= Recorded information =
---
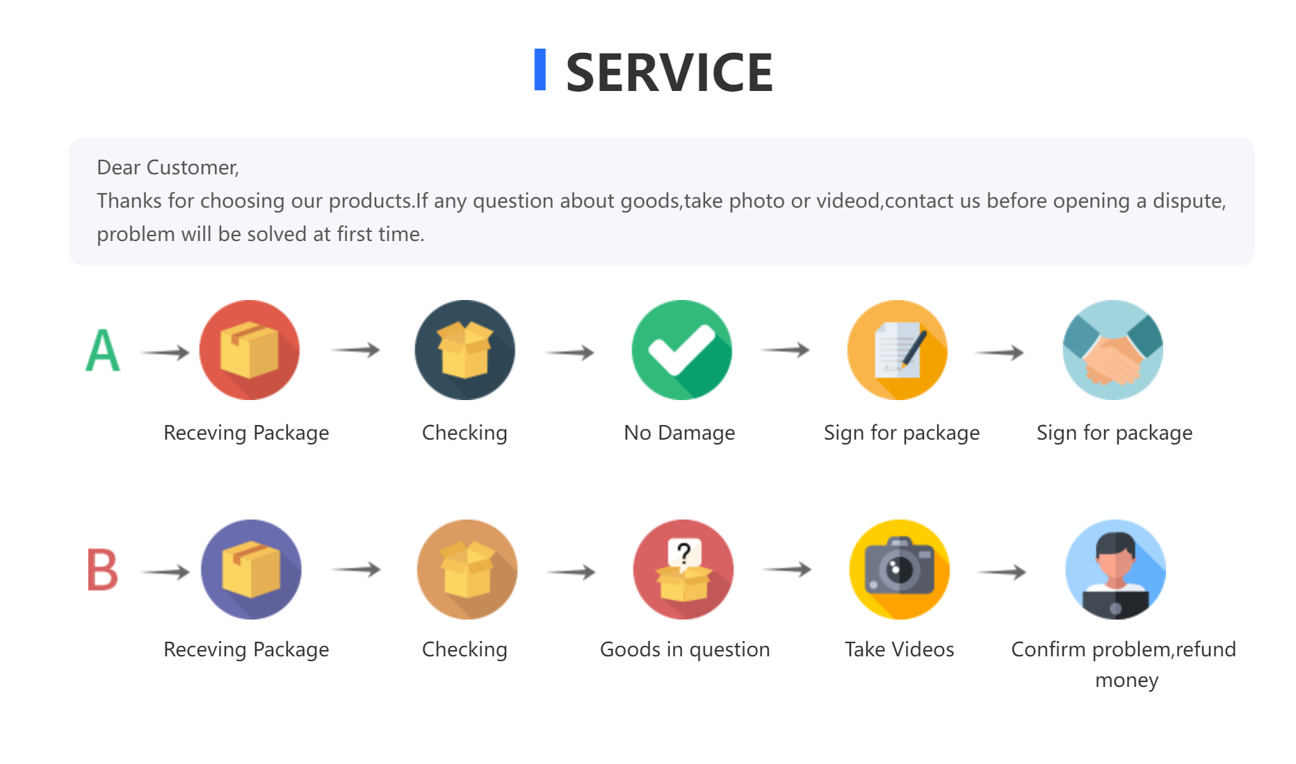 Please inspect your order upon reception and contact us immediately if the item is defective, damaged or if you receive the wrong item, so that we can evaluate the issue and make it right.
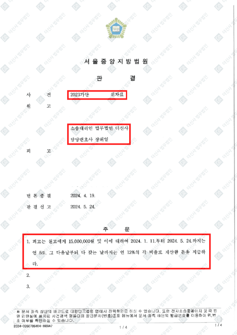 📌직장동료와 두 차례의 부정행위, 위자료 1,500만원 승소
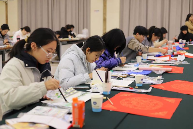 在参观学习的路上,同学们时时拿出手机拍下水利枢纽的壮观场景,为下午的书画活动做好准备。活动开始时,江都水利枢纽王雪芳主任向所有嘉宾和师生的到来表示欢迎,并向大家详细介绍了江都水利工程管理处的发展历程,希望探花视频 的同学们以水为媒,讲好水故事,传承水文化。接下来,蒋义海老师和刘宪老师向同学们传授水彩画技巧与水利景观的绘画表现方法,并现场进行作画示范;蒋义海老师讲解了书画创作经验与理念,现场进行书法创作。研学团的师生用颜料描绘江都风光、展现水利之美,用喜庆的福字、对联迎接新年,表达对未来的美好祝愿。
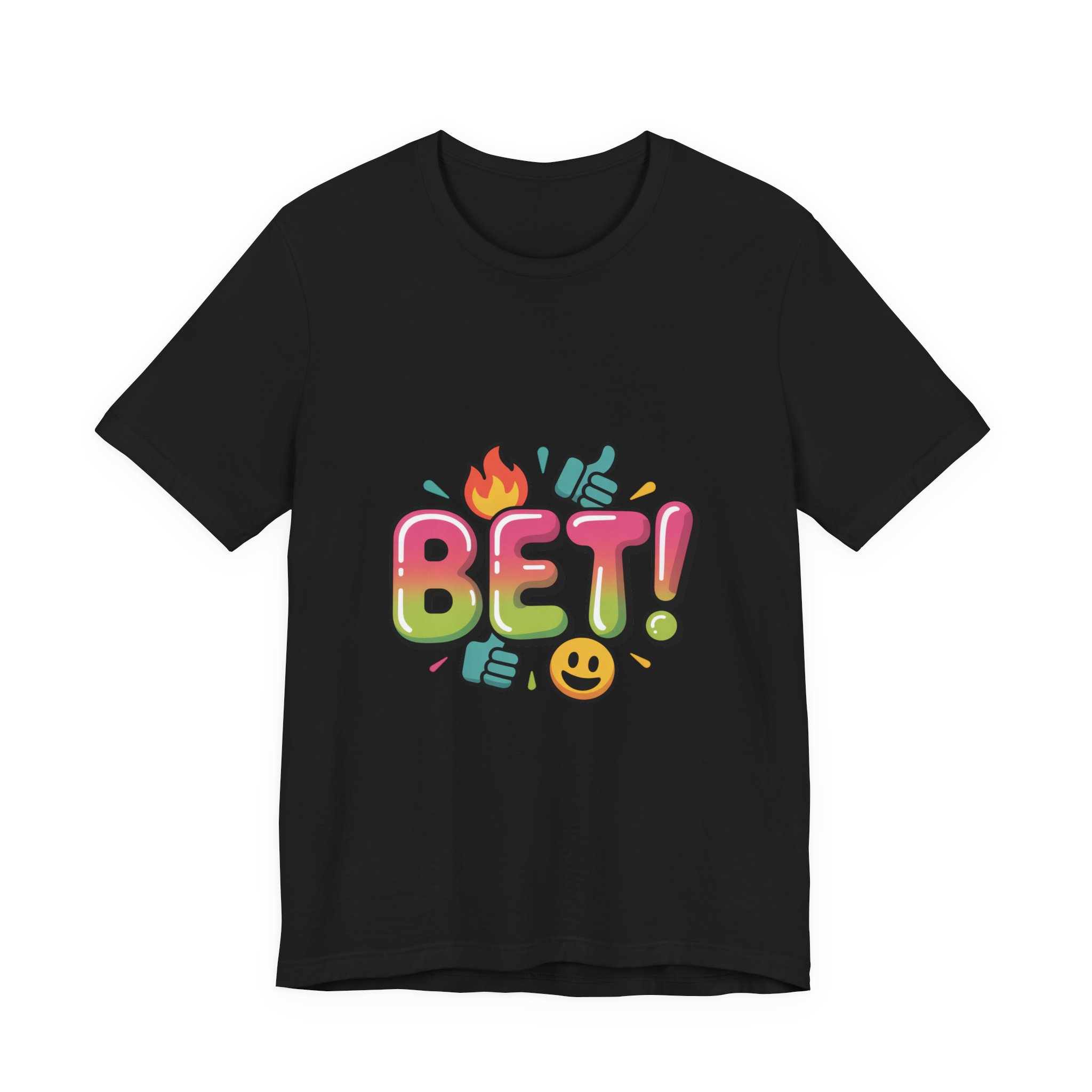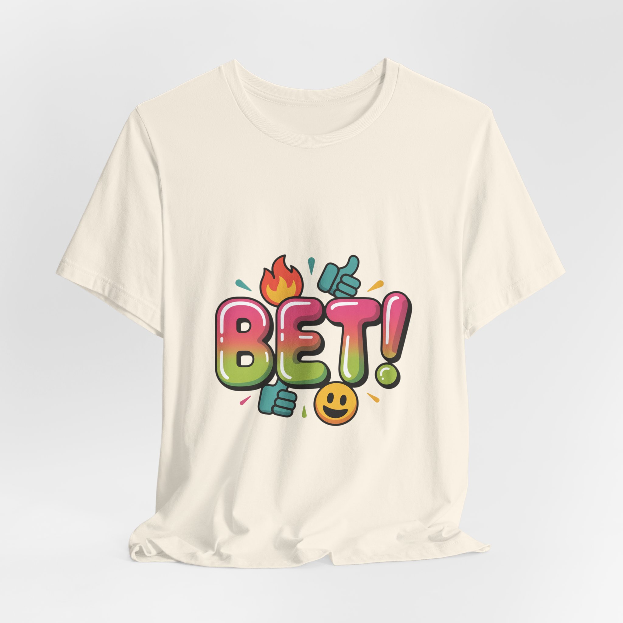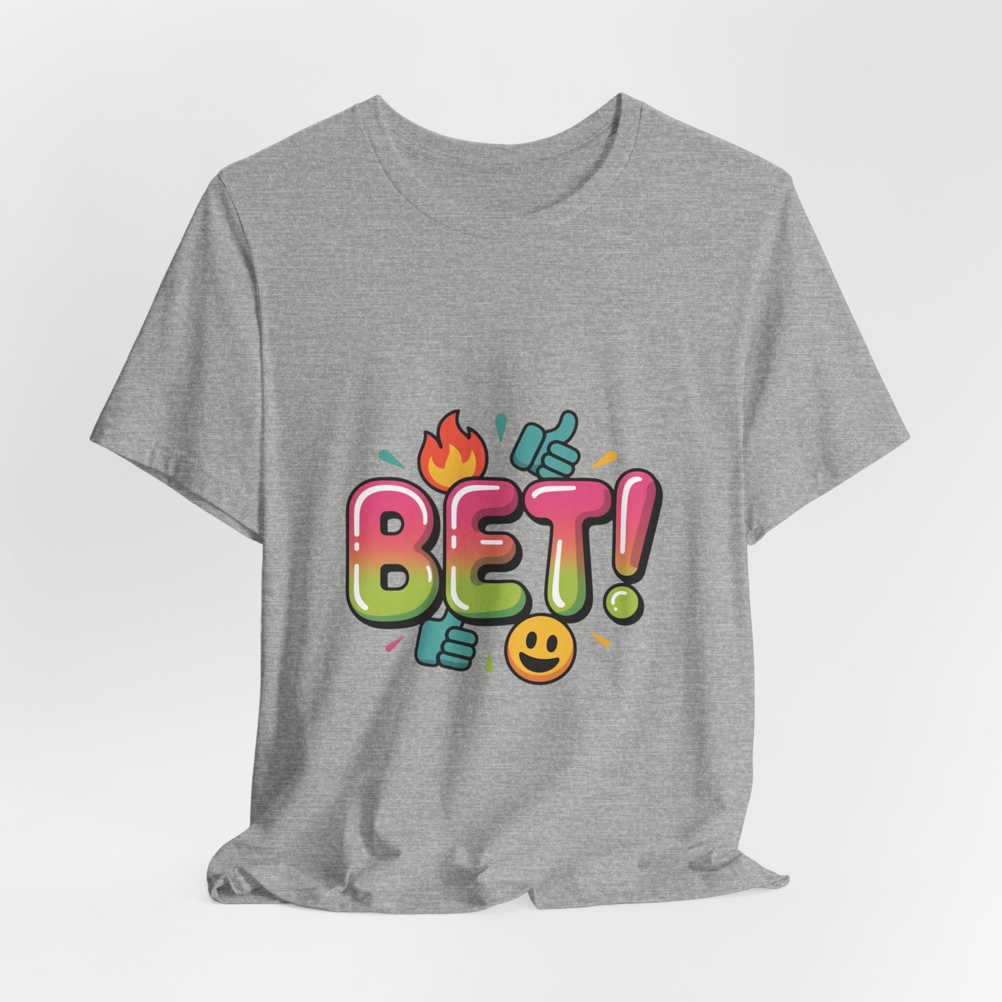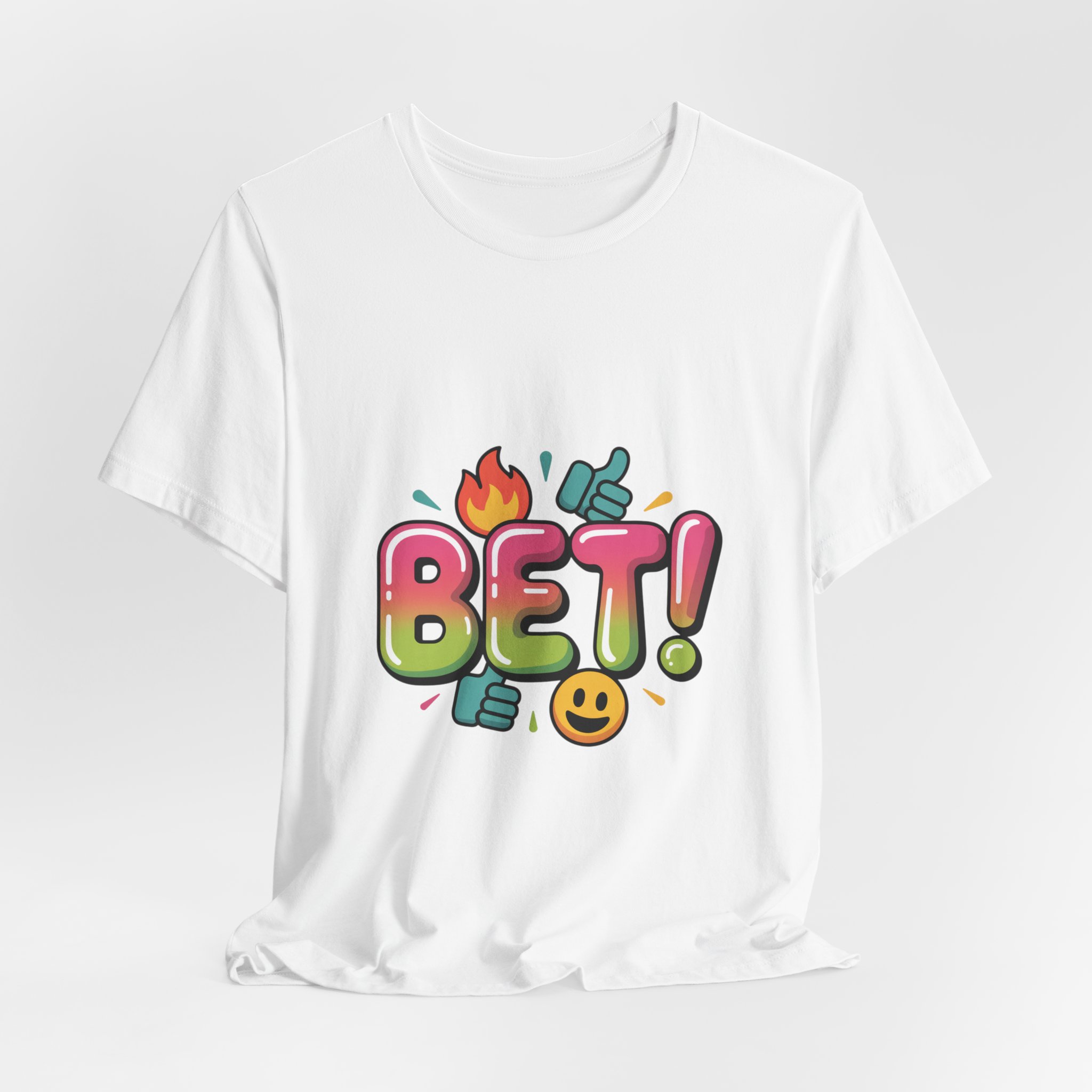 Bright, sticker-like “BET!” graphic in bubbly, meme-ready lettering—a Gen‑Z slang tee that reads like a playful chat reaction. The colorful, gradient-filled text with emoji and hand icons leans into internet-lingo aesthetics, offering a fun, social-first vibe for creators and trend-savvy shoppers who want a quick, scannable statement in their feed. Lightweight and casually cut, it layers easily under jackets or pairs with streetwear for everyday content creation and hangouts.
---
= What is expected =
Your reply should hold only the lines running from the one with "在参观学习的路上,同学们时时" to the end of the data above, set down exactly, pictures omitted.

= Answer section =
 在参观学习的路上,同学们时时拿出手机拍下水利枢纽的壮观场景,为下午的书画活动做好准备。活动开始时,江都水利枢纽王雪芳主任向所有嘉宾和师生的到来表示欢迎,并向大家详细介绍了江都水利工程管理处的发展历程,希望探花视频 的同学们以水为媒,讲好水故事,传承水文化。接下来,蒋义海老师和刘宪老师向同学们传授水彩画技巧与水利景观的绘画表现方法,并现场进行作画示范;蒋义海老师讲解了书画创作经验与理念,现场进行书法创作。研学团的师生用颜料描绘江都风光、展现水利之美,用喜庆的福字、对联迎接新年,表达对未来的美好祝愿。
 Bright, sticker-like “BET!” graphic in bubbly, meme-ready lettering—a Gen‑Z slang tee that reads like a playful chat reaction. The colorful, gradient-filled text with emoji and hand icons leans into internet-lingo aesthetics, offering a fun, social-first vibe for creators and trend-savvy shoppers who want a quick, scannable statement in their feed. Lightweight and casually cut, it layers easily under jackets or pairs with streetwear for everyday content creation and hangouts.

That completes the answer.